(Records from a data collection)
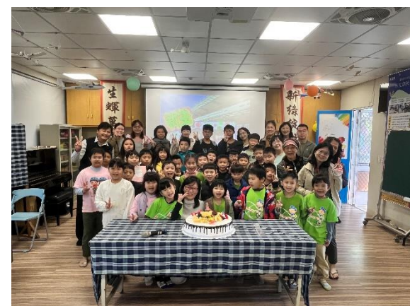
歡送英語代課教師
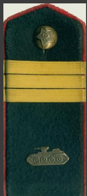
Сержант , бронетанковых войск, повседневная форма
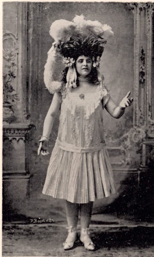
Esperanza Iris en "La Muñeca"

El recinto augusto tiene impregnada una alma especial, sin duda de la familia de las almas de cántaro.
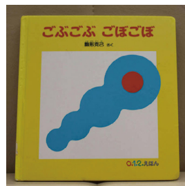
ごぶごぶごぼごぼ
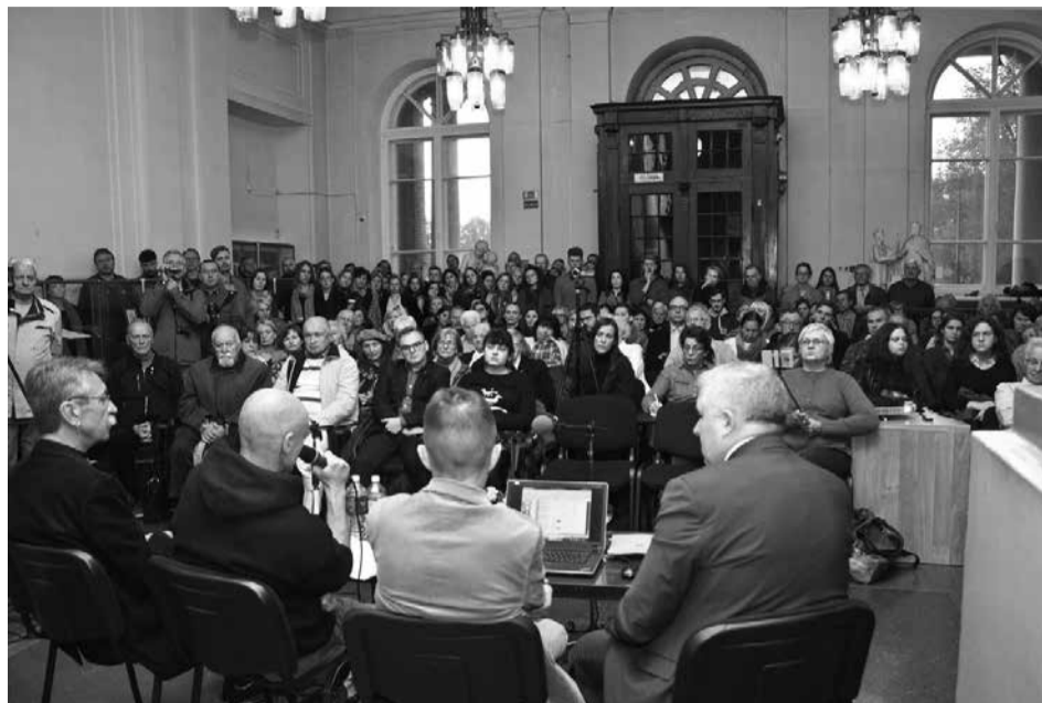
Adolfo Ramanausko-Vanago istorijos tyrimų pristatymas pilnutėlėje LMA Vrublevskių bibliotekos salėje
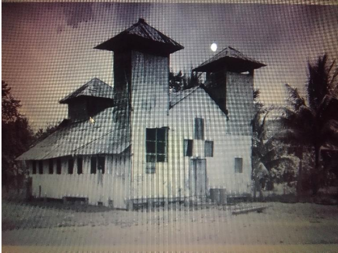
Foto 5 parroquia inmaculada concepción de María patrimonio sociocultural del Municipio

como el plástico, arquitectónico, urbano, arqueológico, lingüístico, sonoro, musical, audiovisual, fílmico, testimonial, documental, literario, bibliográfico, museológico o antropológico, requieren su conservación, rehabilitación y difusión, donde se cuente la historia, se validen sus recuerdos y se afirme y enriquezca las identidades culturales, y el legado común, confiriendo rasgos característicos a cada lugar. (UNESCO, 1972)
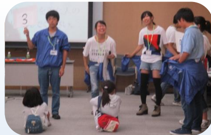
緊張している子にも 気さくに話しかけています

10月2日(日)に中高生スタッフと小学生の子どもリーダーが初顔合わせをしました。今年は中高生が26名、小学生が110名集まりました! 中高生スタッフからのまちづくりの説明のあと遊びを通してチームの仲を深めました!
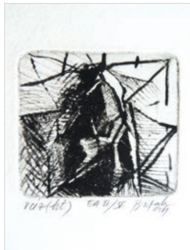
BUTAK ANDRÁS: Váz , 1994, hidegtű, 60×60 mm

Butak András a 90-es évek elejétől készíti elvont tájakat és növényi struktúrákat megőrkítő nyomatait. A hidegtűhöz való vonzódását jól jelzi, hogy 1995 óta rendszeresen szerepel az užicei Nemzetközi Hidegtű Biennálén. Kezdetben kisebb méretű rézlemezre karcolta elvont tájait, majd alumíniumlemezzel kísérletezett, végül 2003 körül sajátos
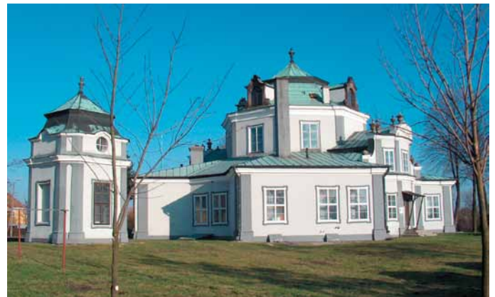
Orientalny pałac w Grabkach
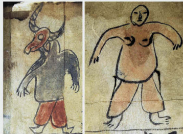
怪牛图、人物白描图
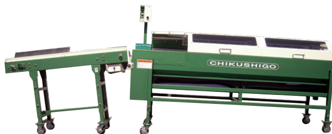
投入コンベア(DK-201)との連結例
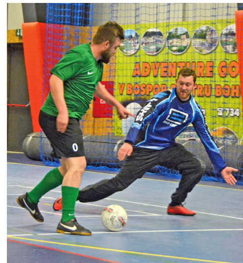
Futsal v bohumínské sportovní hale zdomácněl. Bospor Futsalmania Tournament zahrnuje devět turnajů a velké finále.
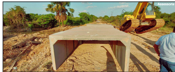
Obra de aduelas em andamento na Avenida Nossa Senhora Aparecida

LINDOMARLEAL Assessoria de Imprensa Câmara Municipal
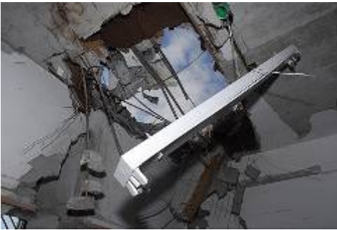
החור שנפער בגג כיתת בית הספר (צילום: הרצל יוסף, ynet, 31 בדצמבר)

16. ב-30 בדצמבר, סמוך לשעה 21:00 בערב נפלה רקטה בגן ילדים באחת השכונות בעיר באר שבע. לגן נגרם נזק. במקום לא שהו ילדים בשל השעה המאוחרת. אזרח ששהה סמוך למקום נפצע באורח קל ומספר נוספים לקו בהלם.
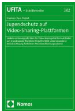
Jugendschutz auf Video-Sharing-Plattformen Ladenpreis: 204,60EUR
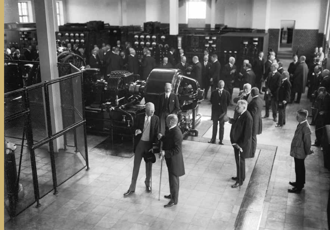
Calegi/Hällands kulturhistoriska museum

### TO DO
Now reproduce all of the entries precisely, with no pictures in the copy.

### WRITTEN SOLUTION
歡送英語代課教師
Сержант , бронетанковых войск, повседневная форма
Esperanza Iris en "La Muñeca"

El recinto augusto tiene impregnada una alma especial, sin duda de la familia de las almas de cántaro.
ごぶごぶごぼごぼ
Adolfo Ramanausko-Vanago istorijos tyrimų pristatymas pilnutėlėje LMA Vrublevskių bibliotekos salėje
Foto 5 parroquia inmaculada concepción de María patrimonio sociocultural del Municipio

como el plástico, arquitectónico, urbano, arqueológico, lingüístico, sonoro, musical, audiovisual, fílmico, testimonial, documental, literario, bibliográfico, museológico o antropológico, requieren su conservación, rehabilitación y difusión, donde se cuente la historia, se validen sus recuerdos y se afirme y enriquezca las identidades culturales, y el legado común, confiriendo rasgos característicos a cada lugar. (UNESCO, 1972)
緊張している子にも 気さくに話しかけています

10月2日(日)に中高生スタッフと小学生の子どもリーダーが初顔合わせをしました。今年は中高生が26名、小学生が110名集まりました! 中高生スタッフからのまちづくりの説明のあと遊びを通してチームの仲を深めました!
BUTAK ANDRÁS: Váz , 1994, hidegtű, 60×60 mm

Butak András a 90-es évek elejétől készíti elvont tájakat és növényi struktúrákat megőrkítő nyomatait. A hidegtűhöz való vonzódását jól jelzi, hogy 1995 óta rendszeresen szerepel az užicei Nemzetközi Hidegtű Biennálén. Kezdetben kisebb méretű rézlemezre karcolta elvont tájait, majd alumíniumlemezzel kísérletezett, végül 2003 körül sajátos
Orientalny pałac w Grabkach
怪牛图、人物白描图
投入コンベア(DK-201)との連結例
Futsal v bohumínské sportovní hale zdomácněl. Bospor Futsalmania Tournament zahrnuje devět turnajů a velké finále.
Obra de aduelas em andamento na Avenida Nossa Senhora Aparecida

LINDOMARLEAL Assessoria de Imprensa Câmara Municipal
החור שנפער בגג כיתת בית הספר (צילום: הרצל יוסף, ynet, 31 בדצמבר)

16. ב-30 בדצמבר, סמוך לשעה 21:00 בערב נפלה רקטה בגן ילדים באחת השכונות בעיר באר שבע. לגן נגרם נזק. במקום לא שהו ילדים בשל השעה המאוחרת. אזרח ששהה סמוך למקום נפצע באורח קל ומספר נוספים לקו בהלם.
Jugendschutz auf Video-Sharing-Plattformen Ladenpreis: 204,60EUR
Calegi/Hällands kulturhistoriska museum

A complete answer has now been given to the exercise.